MATERIAL SUPPLIED:
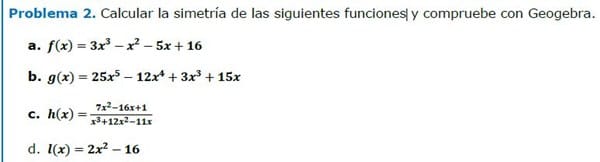 Simetría central respecto al punto (0,0) también llamada impar. Son las funciones que cumplen
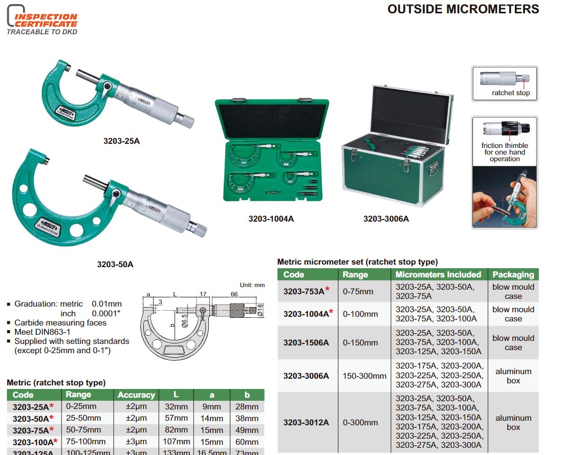INSIZE 3203-125A analogový mikrometr 100-125mm / 0,01mm
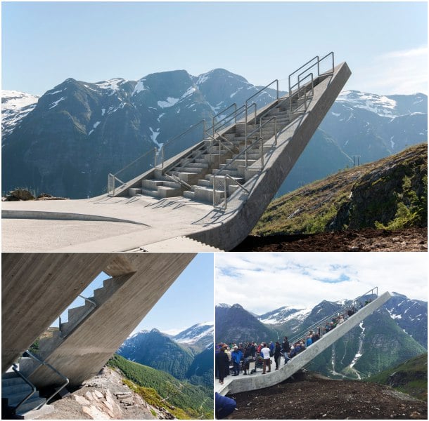 Estas fotos son de un mirador de hormigón en Utsikten, a 700 metros por encima del nivel del mar. Es un sitio que significa «vista», y que está en Gaularfjellet, una zona montañosa del oeste de Noruega.
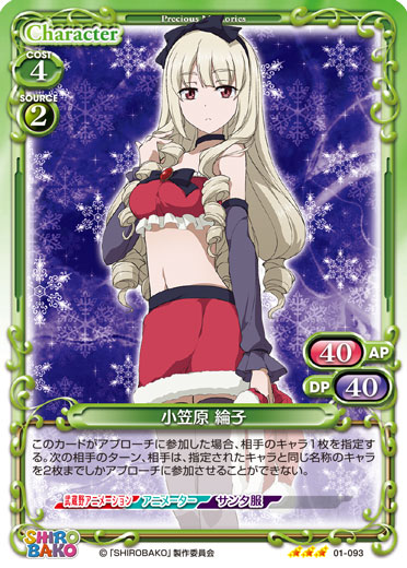 | このカードは、自分のメインフェイズ以外でも登場させることができる。このカードが登場した場合、キャラ1枚のAP/DPの値を、ターン終了時まで40/40に変更する。 | ||
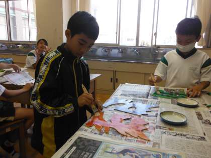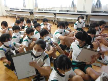 5年生は、身体測定、図工、家庭科の学習です。5年生も、集中して取り組んでいます。
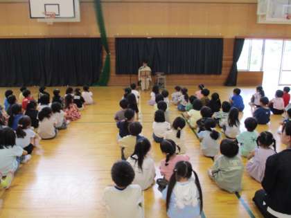 鈴木先生に来ていただいてのお話会がありました。1・2年生の教科書にあるお話や、絵本を朗読していただき、子供たちはお話の世界に浸っていました。最後に読んでいただいた、ティラノサウルスとプテラノドンが敵対関係ながら心がつながるお話では、特に心が温かくなった!と子供たちは話していました。プテラノドンが力を振り絞って飛び立つシーンでは、一緒になって両腕を広げた子供たちがいて、とても微笑ましかったです。
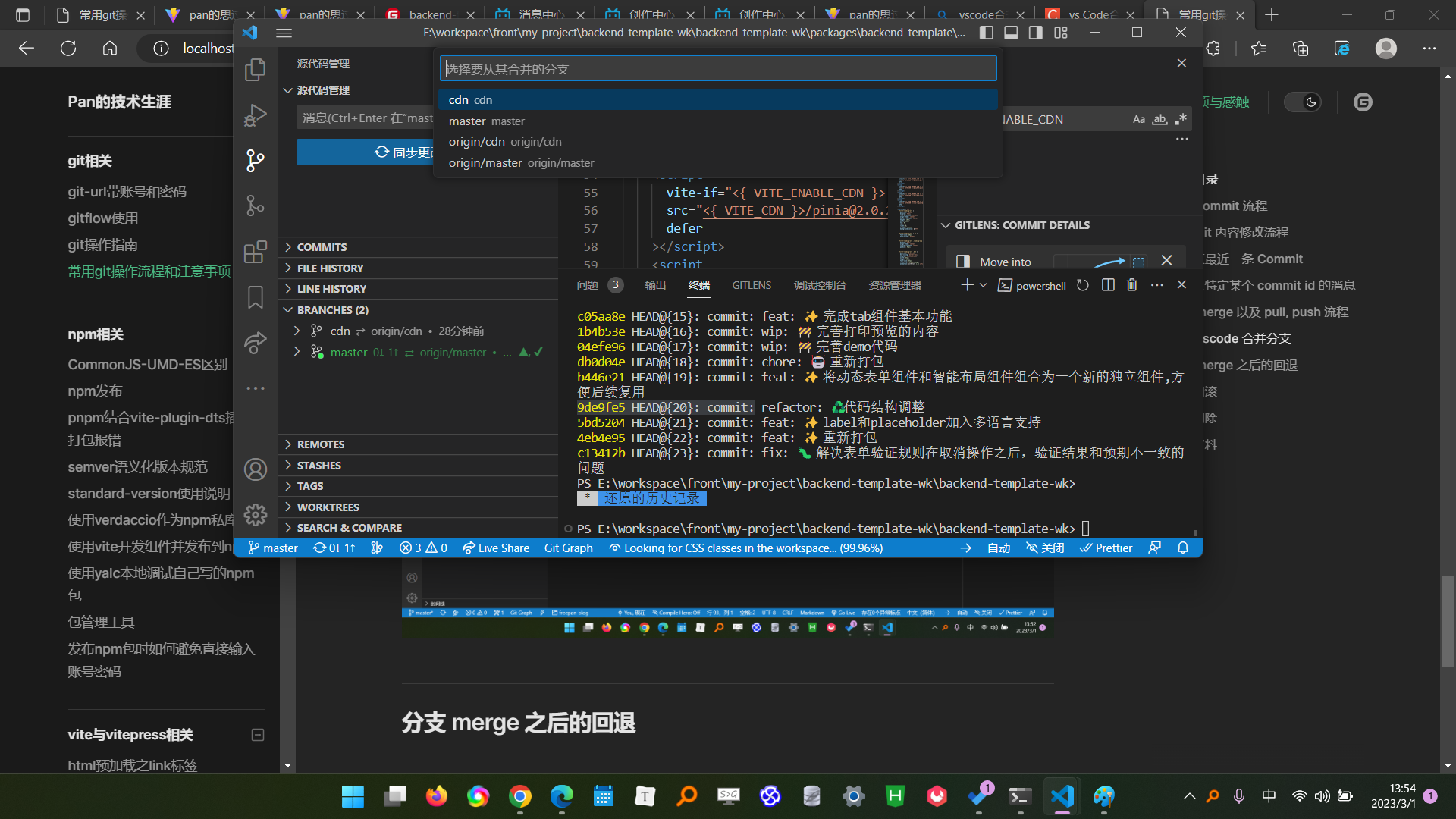 在这个界面,选择cdn分支, 此时就会将cdn分支合并到当前分支

EXERCISE REQUIREMENTS:
The expected answer is an unaltered copy of the listing, images removed.

RESPONSE TO THIS EXERCISE:
 Simetría central respecto al punto (0,0) también llamada impar. Son las funciones que cumplen
INSIZE 3203-125A analogový mikrometr 100-125mm / 0,01mm
 Estas fotos son de un mirador de hormigón en Utsikten, a 700 metros por encima del nivel del mar. Es un sitio que significa «vista», y que está en Gaularfjellet, una zona montañosa del oeste de Noruega.
 | このカードは、自分のメインフェイズ以外でも登場させることができる。このカードが登場した場合、キャラ1枚のAP/DPの値を、ターン終了時まで40/40に変更する。 | ||
 5年生は、身体測定、図工、家庭科の学習です。5年生も、集中して取り組んでいます。
 鈴木先生に来ていただいてのお話会がありました。1・2年生の教科書にあるお話や、絵本を朗読していただき、子供たちはお話の世界に浸っていました。最後に読んでいただいた、ティラノサウルスとプテラノドンが敵対関係ながら心がつながるお話では、特に心が温かくなった!と子供たちは話していました。プテラノドンが力を振り絞って飛び立つシーンでは、一緒になって両腕を広げた子供たちがいて、とても微笑ましかったです。
 在这个界面,选择cdn分支, 此时就会将cdn分支合并到当前分支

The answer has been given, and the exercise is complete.